Segment Open

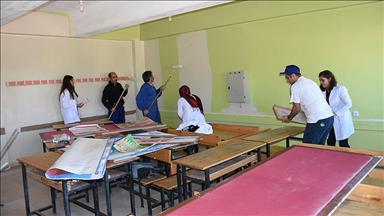 Artuklu ilçesi Tilkitepe Mahallesi'nde yaşayan kız çocukları, belediye personelinin desteğiyle tadilatını da yaptıkları okulu boyayarak, yeni eğitim öğretim dönemine hazır hale getirdi.
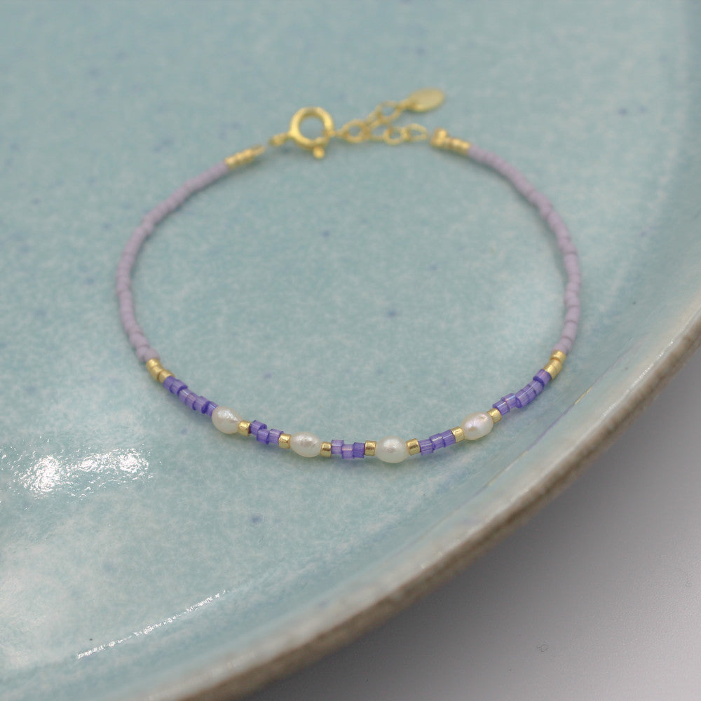 Bracelet // Pearl Lila er vores fine armbånd der som base har en masse flotte lila Miyuki Delica perler der bliver opdelt med fire ferskvandsperler på fronten.
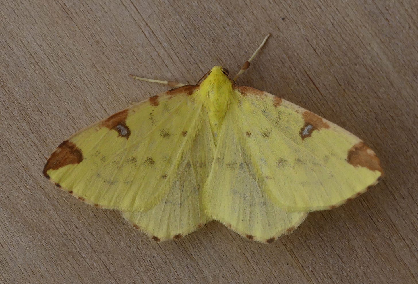 Not to be confused with the Brimstone butterfly, the Brimstone moth is nonetheless the same lemony yellow colour, but rather smaller and with brown markings on the wings. Both are named after the element sulphur, for which brimstone is an old name, often found deposited around volcanic vents (hence the biblical ‘fire and brimstone’). The specific name, luteolata, is derived from the Latin luteus (meaning yellow), which is in turn related to lutum, the name of a plant which was used to produce a yellow dye. Very occasionally, specimens can be found in which the yellow ground colour is replaced with cream or even white, although I’ve never seen one like that.

Segment Closed

WHAT IS REQUIRED: Could the lines from the top of the material through the line with "Bracelet // Pearl" be repeated exactly, pictures left out?

SOLUTION FOR THIS EXERCISE:
 Artuklu ilçesi Tilkitepe Mahallesi'nde yaşayan kız çocukları, belediye personelinin desteğiyle tadilatını da yaptıkları okulu boyayarak, yeni eğitim öğretim dönemine hazır hale getirdi.
 Bracelet // Pearl Lila er vores fine armbånd der som base har en masse flotte lila Miyuki Delica perler der bliver opdelt med fire ferskvandsperler på fronten.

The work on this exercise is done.